One child killed or injured every ten minutes in Gaza: UNICEF
Children in Gaza have become the faces of the ongoing war painting a “harrowing picture” of the conflict, a UNICEF official said on Tuesday.
“From devastating injuries sustained in airstrikes, to the trauma of being caught in violent clashes, their stories paint a harrowing picture of the human consequences of conflict,” UNICEF communications specialist Tess Ingram – who left Gaza on Monday after spending two weeks there – told a UN press briefing in Geneva.
More than 12,000 children were injured in Gaza since October 7, 2023, she said, and this is “almost certainly an underestimate.”
With at least 70 children injured in Gaza every day, often left to “languish in pain,” according to Ingram, there is an urgent need to increase the number of medical evacuations to facilitate access to proper care.

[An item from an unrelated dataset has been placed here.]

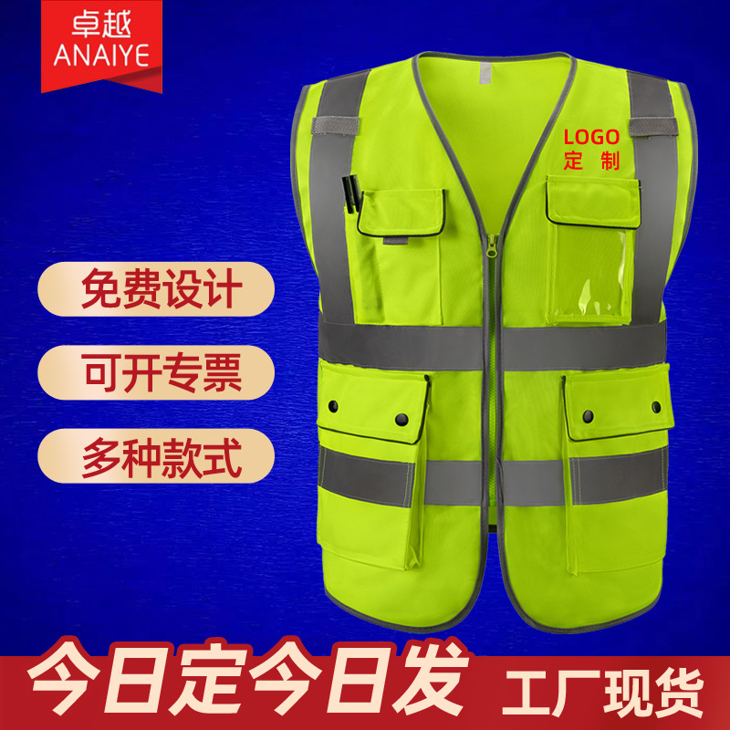 建築工事反射ベスト馬挟み高速交通路政反射馬甲安全多ポケット反射服卸売り

“With one child killed or injured every 10 minutes, above anything else we need a ceasefire,” Ingram said.
She added: “Imagine being strip-searched, left naked and questioned for hours. Told that you are safe and you can leave, you quickly walk away down the street, praying. But then, you are shot at. Your father is killed and a bullet penetrates your naked pelvis causing serious internal and external injuries that will require reconstructive surgery.”
As mediators eye a deal to halt the fighting in Gaza and prevent a wider regional spill, the Israeli military has said it would continue to press on its offensive and would not be distracted from its war against Hamas, triggered by the Palestinian militant group’s attack on October 7.
Israel’s military offensive in the Gaza Strip has so far killed at least 33,797 Palestinians and wounded 76,465, the Gaza health ministry said on Monday.
Hamas’ October attack resulted in the deaths of 1,170 people, most of them civilians, according to Israeli figures.
A lasting truce “is the only way to stop the killing and maiming of children,” Ingram said.